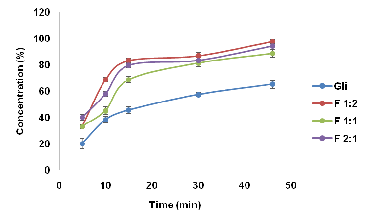 Fig. 6: In vitro drug release study of glibenclamide cocrystal tablet dosage form (All the values were calculated as mean±SD)
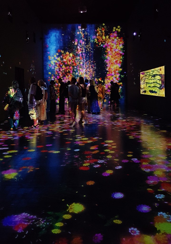This closed-off room is dark and atmospheric, with projectors beaming borderless digital animations of beautiful wildlife onto the walls and floor. The animations are not simply pieces of digital artwork, but with a mixed reality feature built in, it becomes an interactive experience. When a visitor stands in front of the waterfall, the virtual water “splashes” on their head and cascades down around them, like a real waterfall would. When visitors walk across the flowers, new flower shoots burst out from beneath their feet. When visitors touch the butterflies flying across the walls, the butterflies die and fall to the ground. It’s beautiful and poignant, drawing attention to the delicate balance of life and the connection between all living things.
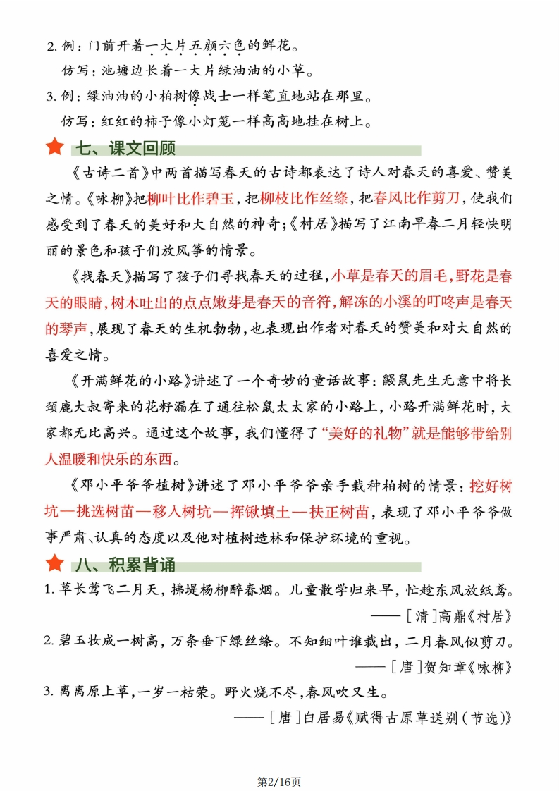 26年新版二年级下册语文单元知识清单.afa7fbf362dc230459b25390081309a0985文库29天前发布关注私信12.10MB16页1378826年新版二年级下册语文单元知识清单.afa7fbf362dc230459b25390081309a0此内容为付费资源,请付费后查看¥3 限时特惠¥5黄金会员免费钻石会员免费登录购买付费资源 开学季半价抢会员,享受免费下载 点击开通 文章目录 1 封面图 2 文档部分预览截图 3 下载地址 第1页 / 共16页 第2页 / 共16页 第3页 / 共16页 第4页 / 共16页 试读已结束,还剩12页,您可下载完整版后进行离线阅读 版权声明 1 本网站名称: 985文库 2 本站永久网址:https://985wenku.cn 3 本站资源部分来自网络,由老师收集整理,如有侵犯你的权益请联系管理员E-mail:240407401@qq.com 我们会第一时间进行审核删除。 开通网站会员,全站资料免费下载 THE END二年级资料 文本预览 第一单元知识清单☆一、易读错的字、多音字裁剪(cdi)化妆(zhuang)醉人(zu)趁机(chen)符合(f)遮遮掩掩(zhe)(a)你好啊!懊丧(sdng)(ā)啊,这里真美!正巧(qio)发挥(hui)啊(6)啊,你说什么?茁壮(zhu6)杜鹃(juan)绚丽(Xudn)(ǎ)啊,这是谁的呀?包裹(guǒ)漏水(Iòu)高龄(ling)(à)啊,伟大的祖国!兴致(zh)咨询(xdn)厕所(ce)★二、词语听写古诗碧玉化妆绿色丝带剪刀儿童回归春天寻找眉毛野花柳枝桃花冲走吐字见闻荡秋千鲜花先生原来大叔太太做客正巧惊奇快活美好礼物通往植树格外休息小心笔直姓邓满意场所剧本碧空如洗万里无云引人注目★三、近义词、反义词近义词:仔细一认真满意一满足惊奇一惊讶美好一美妙笔直一笔挺美丽一漂亮反义词:快活一难过奇怪一平常打开一关闭笔直一弯曲美好一丑恶仔细一粗心★四、词语搭配(快活)地蹦跳(精心)地挑选(美好)的礼物(满意)的笑容(绚丽多彩)的鲜花(五颜六色)的鲜花(碧绿)的田野(细长)的柳条(蔚蓝)的天空(温暖)的阳光(和煦)的微风(绿油油)的草坪★五、四字词语春风拂面梳妆打扮碧空如洗万里无云引人注目兴致勃勃躲躲藏藏叮叮咚咚点点嫩芽花朵簇簇☆六、句子仿写1.例:早开的野花一朵两朵,那是春天的眼睛吧?仿写:漫天五颜六色的风筝,那是春天的发卡吧?第1/16页 查看更多 收起部分 喜欢就支持一下吧点赞8 分享QQ空间微博QQ好友海报分享复制链接收藏
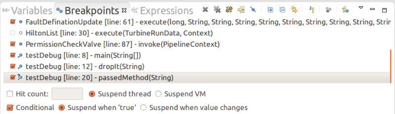 Conditional:顾名思义,就是条件判断,例如我们需要循环变量i==10时,线程挂起,则条件设定为i==10,选择Suspend when "true"。
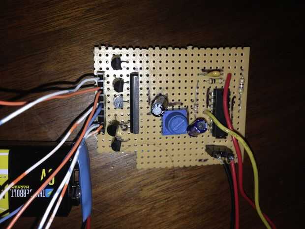 La entrada al AN6884 es un micrófono de electret. El micrófono está sesgado y filtrado de paso alto. Pero es demasiado débil para conducir el AN6884, así que primero ejecutarlo a través de uno de los op-amps en el chip de cuádruple amplificador operacional LM324. Recuerde que el nivel de amplificación de un amplificador inversor como en este circuito se determina por el cociente de la resistencia de retroalimentación a la resistencia de entrada. La resistencia de entrada es 10kΩ. Experimenté un poco aquí. Inicialmente intentó una resistencia de retroalimentación de la 47kΩ, pero fue satisfecho con la sensibilidad del circuito. Finalmente colocó en una resistencia de 330kΩ. El amplificador oscila un poco, pero no me importa. Por último señalar que la sensibilidad está también controlada por el potenciómetro de 10kΩ conectado a la entrada de AN6884. Esto le da cierto control sobre la marcha de sensibilidad en caso de cambio de nivel de ruido ambiente. Si no te gusta cómo las luces de flash en un nivel de volumen constante, se pueden colocar algunos condensadores a través de la retroalimentación y resistencias de entrada. Usted querrá asegurarse de que están correctamente equilibrados, aunque.
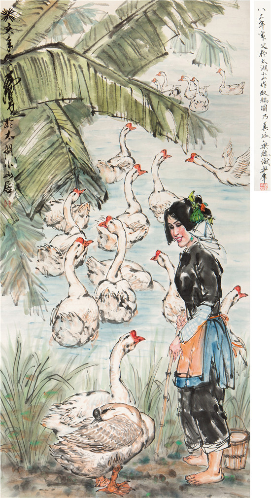 本场最大亮点是黄胄的《牧鹅图》,尺幅较大,体现出黄胄先生扎实的写生与素描功底,图中鹅的造型准确生动,鹅淋漓尽致,人物神态与肢体语言更是描绘的栩栩如生。鹅与池塘形成了一幅乡间悠闲自在的景象,怡然自得的气氛跃然纸上,画面给人以无尽的遐想,形成色彩对比,画面和谐而多姿,构图饱满而丰富。
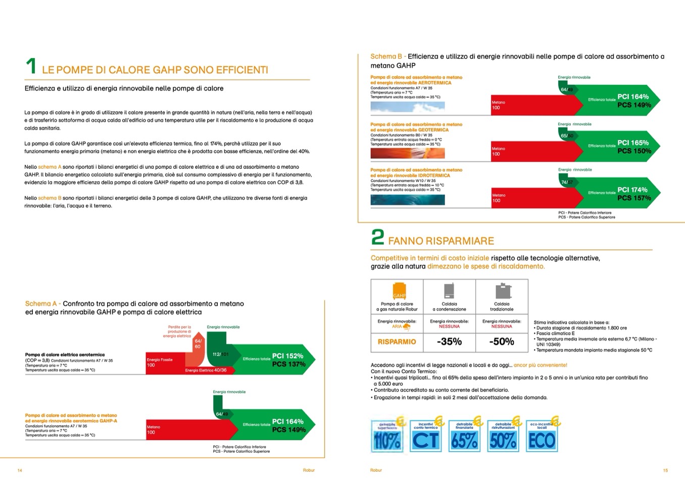 La pompa di calore GAHP garantisce così un’elevata efficienza termica, fino al 174%, perchè utilizza per il suo
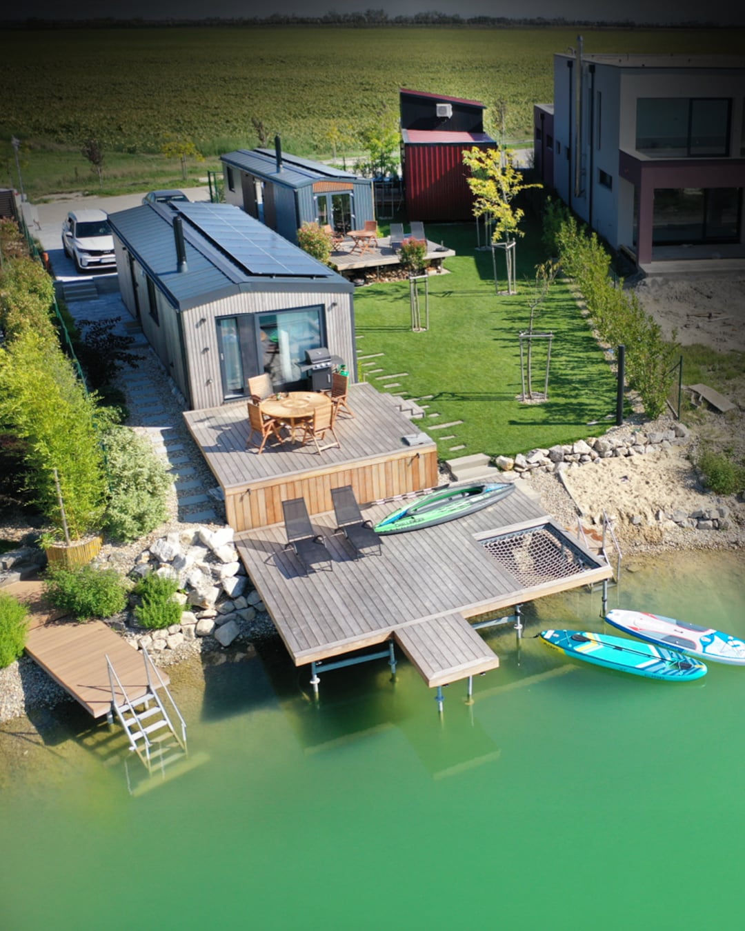 Come & relax in all seasons with the whole family or your friends at this amazing lakefront getaway. 'Escape on the lake' has it all! It is located on a private & leafy peninsula that stretches out into the Sunny Lakes, leaving you feel a million miles away, while conveniently located just minutes from the main resort with plenty of amenities, restaurants, cafes & shops, and only a 30min drive from Bratislava.
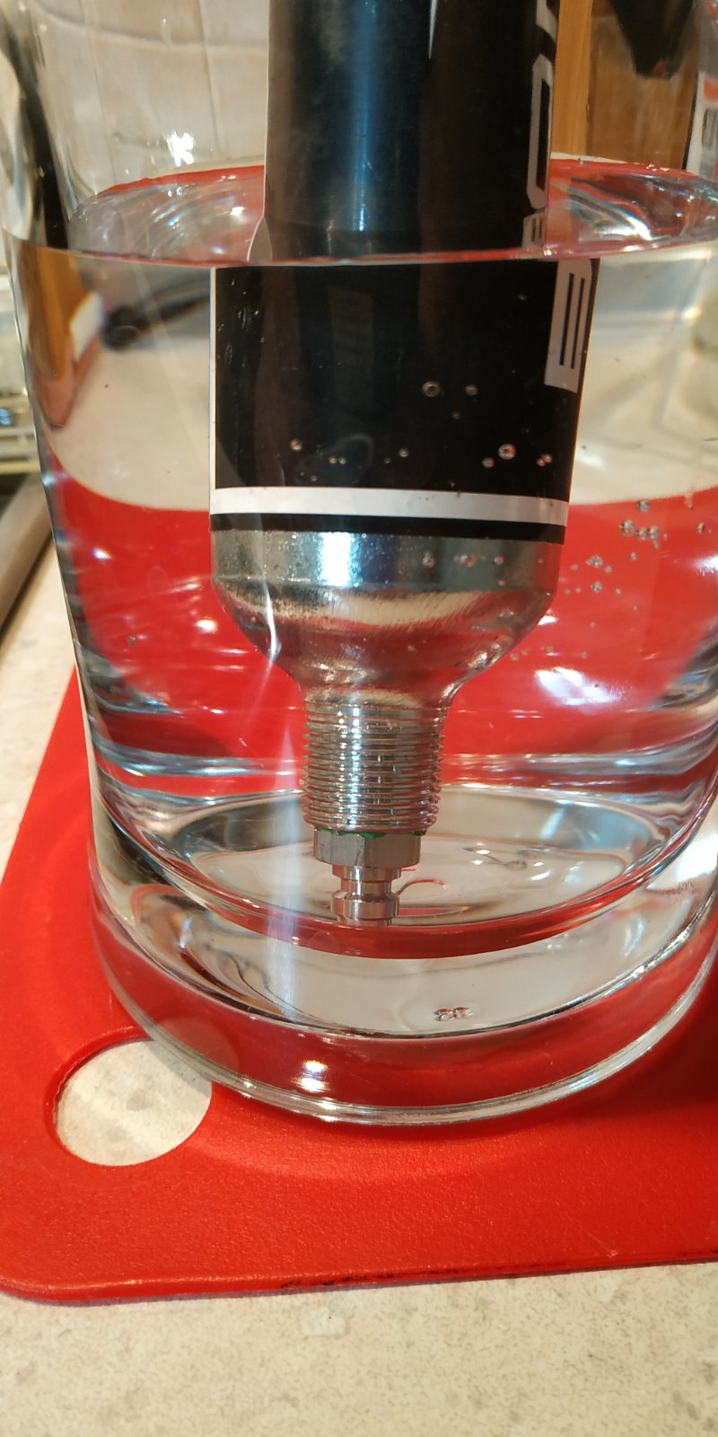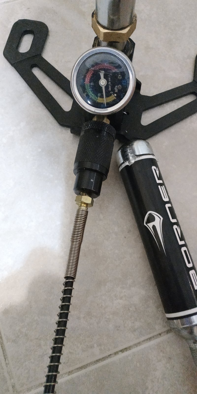 для проверки функционала и приемлемости решения был взят не коцанный квик, родной клапан изъят, имплементирован огрызок ролика в качестве клапана и всё это аккуратно надуто насосом до 65 бар.
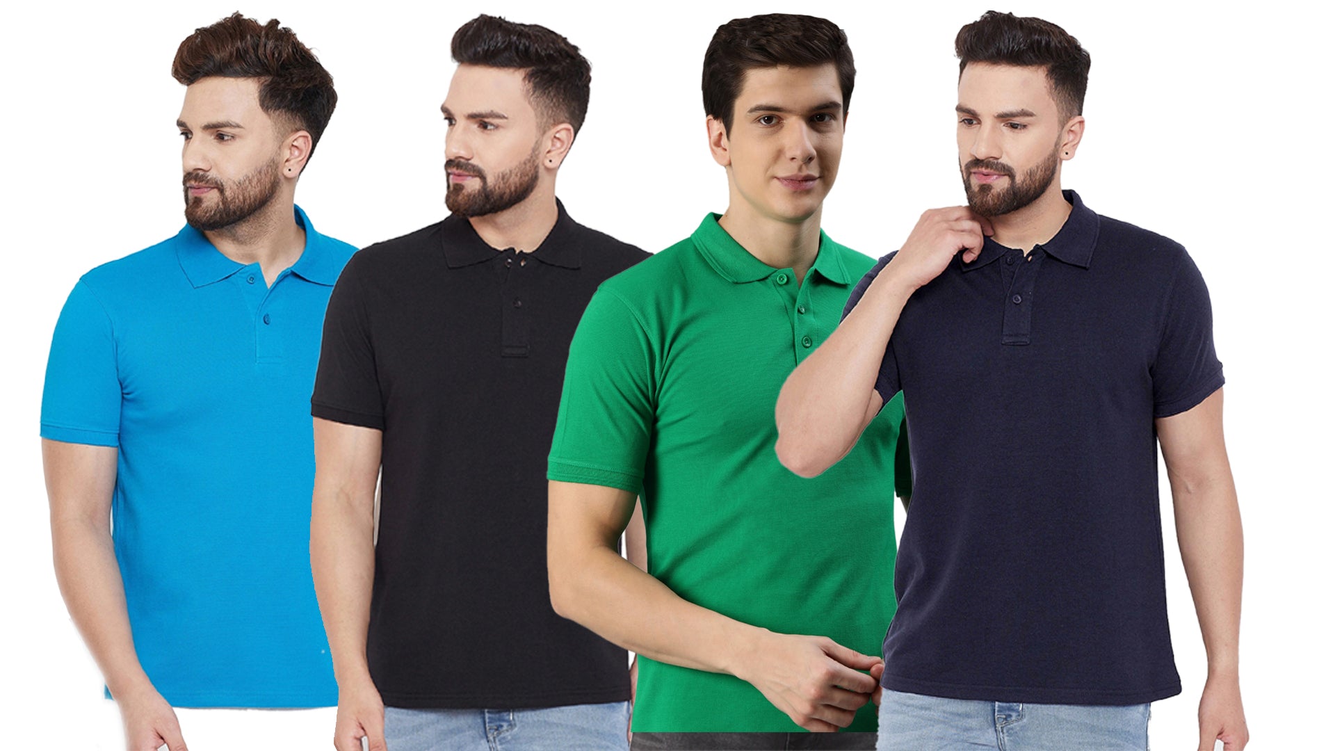 Product Name: Cotton Blend Solid Half Sleeves Mens Polo Neck T-Shirt (Pack of 4) Package Contains: It Has 4 Pieces Of Mens Polo T-Shirt Fabric: Cotton Blend Color: Assorted Pattern: Solid Fit: Regular Sleeves Type: Half Sleeves Neck Type: Polo Neck Occasion: Casual Combo: Pack of 4 Ideal For: Men Weight: 200
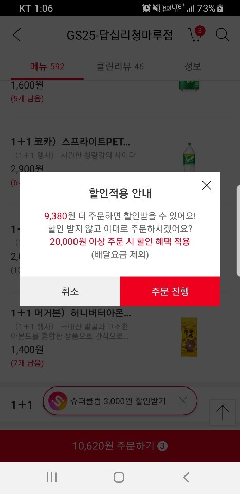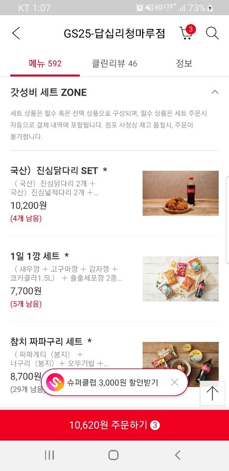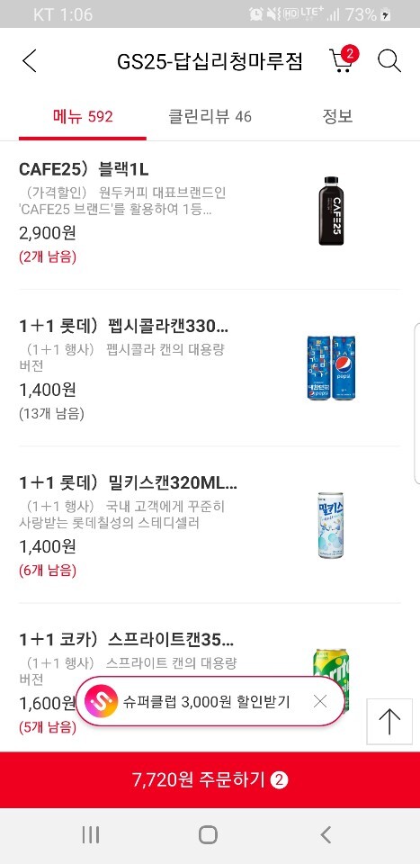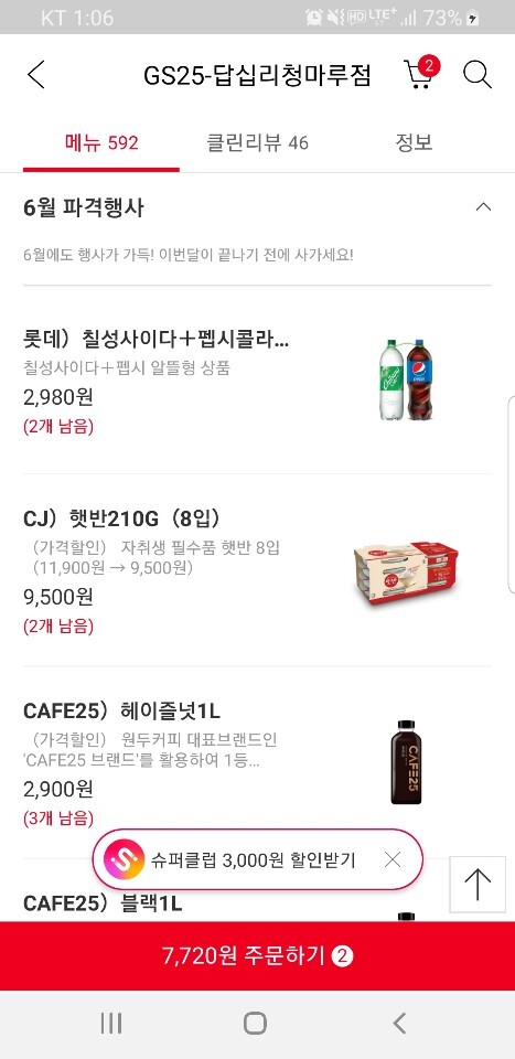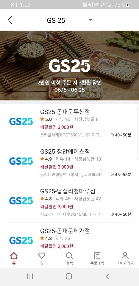 전 메뉴 3천원 중복할인이 있는 GS25에서 직접 한번 배달해보겠습니다!
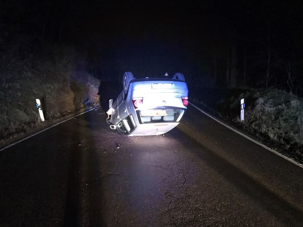 In einer Rechtskurve kam der 26-jährige Fahrer vermutlich aufgrund nicht angepasster Geschwindigkeit ins Schleudern. Das Auto drehte sich auf der Fahrbahn und prallte gegen die Böschung. Anschließend überschlug sich das Fahrzeug und blieb mitten auf der Fahrbahn auf dem Fahrzeugdach liegen. Foto: Polizei
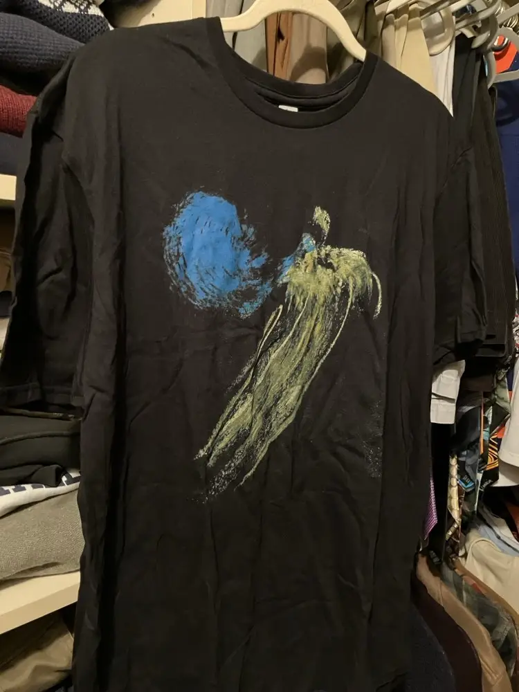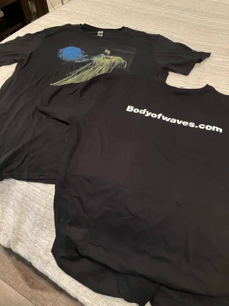 Striking Black High Quality Soft Cotton Tees from Gildan. These Tees contain my abstract image representing creative force and the infinite nature of life emerging from the formless into form on the front; and, my website: Bodyofwaves.com on the back.

::::

- **EXERCISE DIRECTIONS**: What lines above run from the one with "La entrada al" to the one with "для проверки функционала"? Give them again exactly, ends included, and leave the pictures out.

- **SOLUTION TO THIS TASK**:
 La entrada al AN6884 es un micrófono de electret. El micrófono está sesgado y filtrado de paso alto. Pero es demasiado débil para conducir el AN6884, así que primero ejecutarlo a través de uno de los op-amps en el chip de cuádruple amplificador operacional LM324. Recuerde que el nivel de amplificación de un amplificador inversor como en este circuito se determina por el cociente de la resistencia de retroalimentación a la resistencia de entrada. La resistencia de entrada es 10kΩ. Experimenté un poco aquí. Inicialmente intentó una resistencia de retroalimentación de la 47kΩ, pero fue satisfecho con la sensibilidad del circuito. Finalmente colocó en una resistencia de 330kΩ. El amplificador oscila un poco, pero no me importa. Por último señalar que la sensibilidad está también controlada por el potenciómetro de 10kΩ conectado a la entrada de AN6884. Esto le da cierto control sobre la marcha de sensibilidad en caso de cambio de nivel de ruido ambiente. Si no te gusta cómo las luces de flash en un nivel de volumen constante, se pueden colocar algunos condensadores a través de la retroalimentación y resistencias de entrada. Usted querrá asegurarse de que están correctamente equilibrados, aunque.
 本场最大亮点是黄胄的《牧鹅图》,尺幅较大,体现出黄胄先生扎实的写生与素描功底,图中鹅的造型准确生动,鹅淋漓尽致,人物神态与肢体语言更是描绘的栩栩如生。鹅与池塘形成了一幅乡间悠闲自在的景象,怡然自得的气氛跃然纸上,画面给人以无尽的遐想,形成色彩对比,画面和谐而多姿,构图饱满而丰富。
 La pompa di calore GAHP garantisce così un’elevata efficienza termica, fino al 174%, perchè utilizza per il suo
 Come & relax in all seasons with the whole family or your friends at this amazing lakefront getaway. 'Escape on the lake' has it all! It is located on a private & leafy peninsula that stretches out into the Sunny Lakes, leaving you feel a million miles away, while conveniently located just minutes from the main resort with plenty of amenities, restaurants, cafes & shops, and only a 30min drive from Bratislava.
 для проверки функционала и приемлемости решения был взят не коцанный квик, родной клапан изъят, имплементирован огрызок ролика в качестве клапана и всё это аккуратно надуто насосом до 65 бар.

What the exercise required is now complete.